By just using the hospital data and knowing where somebody lives, we are able to see different spreads of long term conditions (diabetes, heart failure) for different residents. That might tell us what parts of the country need different types of inputs or might need different kinds of protections. Even doing this kind of information really helps people to plan now for the next few months.

More needs to be done

However, Deeny said that whilst workarounds are possible, this isn't really the ideal scenario. Instead, social care in the UK should be making investments in data teams and systems to support responses to future challenges. She said:

But we don't think that's enough and what we want to see is that we start to have the kind of investment and innovation that we've seen in the healthcare sector, in social care. There's a massive opportunity because there's digitisation that's being rolled out across the social care system right now. If we match that with the research and development and investment in talent that we saw in the healthcare sector, we could actually start to build a social care data ecosystem. That is about actually improving the health and wellbeing of people who live in care homes, people who are receiving social care, and importantly the social care workers themselves.

I think there's an opportunity to leapfrog in some ways where we are with healthcare data. We can start to create a digitised and cohesive infrastructure from scratch, built around the person, not the organisation. There's an opportunity to work with users of services and their families. And to develop an open approach and an open culture from the start. But we can only do that if we are going to invest in a data workforce and the social care staff.
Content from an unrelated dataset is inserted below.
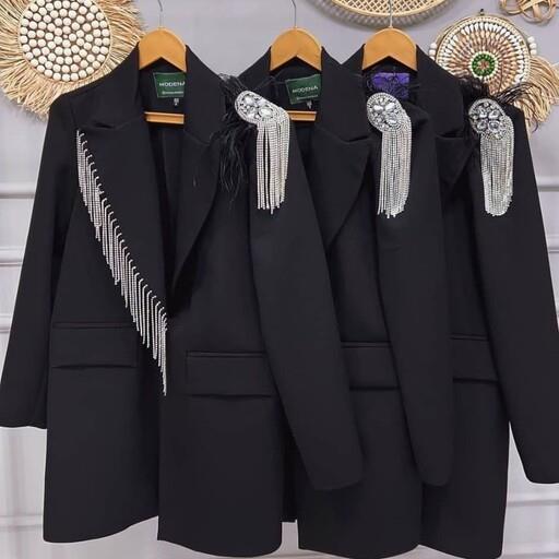 کت مجلسی زنانه کرپ مازراتی یقه بلیزر سردوشی نگین و پر با خرج کار زنجیری
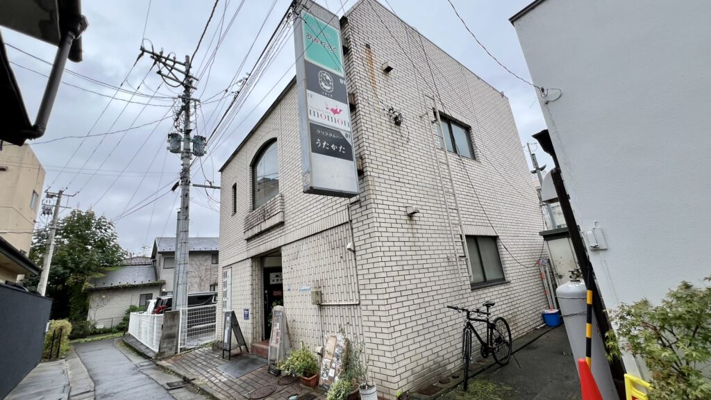 白いレンガ風の外壁が目を引くビルの1階にある「ちょこっとカフェももん」。

What's needed is to work both locally with the social care system, but also across the network so that we start to get a national picture.

A view from the frontline

Indra Joshi, director of AI at NHSX, said that the COVID-19 pandemic has "overwhelmingly brought people together" around a common cause to try and use data in a way that is helpful for policy makers, but also people working on the frontline. She said:

Things like, where are beds available? Or, what is the oxygen capacity that a hospital has? Some really fundamental operational points. Bringing all of those different people together under this umbrella of the pandemic has been really inspirational. People working towards a common cause, saying that we need to do this, we need to bring data together, in order to not only save lives, but also help those people that are on the front line.

NHSX has partnered with different NHS bodies to create an NHS COVID-19 data store, which is primarily used to help with the operational response to the crisis. Joshi said having that clear front door' to understand what data is available to answer certain questions has been key.

Much like Deeny, Joshi hopes that in the future the healthcare system can prioritise data use and change ways of working around that. She said:

What I hope to see moving forward are these different ways of working continue. The way that we have been collaborative, the way that we work together, we've got a common goal. I do hope we see that moving forward.